On July 14, 1789, the citizens of Paris stormed the Bastille prison to gain access to a government cache of ammunition. The French Revolution was sparked, and the history of the world would never be the same.
But why were the Parisians so upset? Among their numerous grievances was that the nation’s rulers had spent much of the past century overloading the country’s balance sheet with outrageous amounts of debt used to finance a series of wars and the construction of the palatial estate of Versailles.
It’s safe to say Maximilien Robespierre, Georges Danton and the rest of the revolution’s leaders would have been no fans of the modern LBO.
Leverage is still a major factor in the France of today, more than two centuries later—although now it’s used by private citizens to buy and develop companies, rather than by the government to bankroll foreign conflicts. In fact, outside of the U.S. and the U.K., few countries have so embraced private equity. Since 2010, France has been home to more private equity activity than any other nation in continental Europe, according to the PitchBook Platform, besting second-place Germany by more than 50%.
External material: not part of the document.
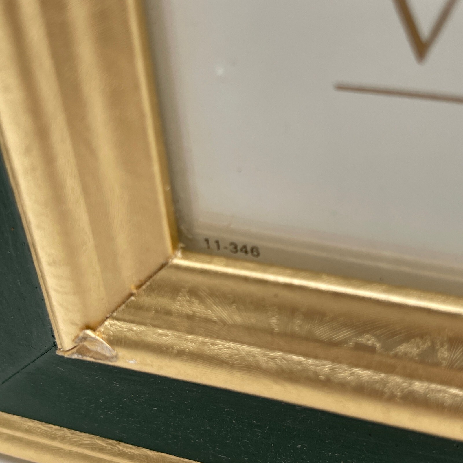 It is framed and made of wood, glass, and paper, originating from California, USA.

PE activity in France by industry sector
For the most part, those deals represent French firms investing in French companies. The top 10 investors in the country since the start of 2010 are all also based in France, led by Siparex Group. CM-CIC Investissement follows closely in second place, with Bpifrance and FSI Régions rounding out the top four.
Many of the largest LBOs in France over the past five years have been related to the telecommunications sector, with a handful worth more than €2 billion. Other major recent buyout targets include packacing producer Verralia, parking-facility operator Park Indigo and vinyl chemical company Kem One. For each of the past two years, B2B deals have accounted for slightly more than 40% of all activity in the country, with B2C making up roughly 25% and IT another 10%.
Some of those deals will work out for the investors. Others won’t. But it seems safe to assume that none will end as disastrously as things did for those who helped bury the nation under a pile of IOUs during the 18th century. Four years after the citizens of Paris stormed the Bastille, the king, Louis XVI, lost his head to the guillotine. Eleven years later, Napoleon Bonaparte was leading the French army across Europe.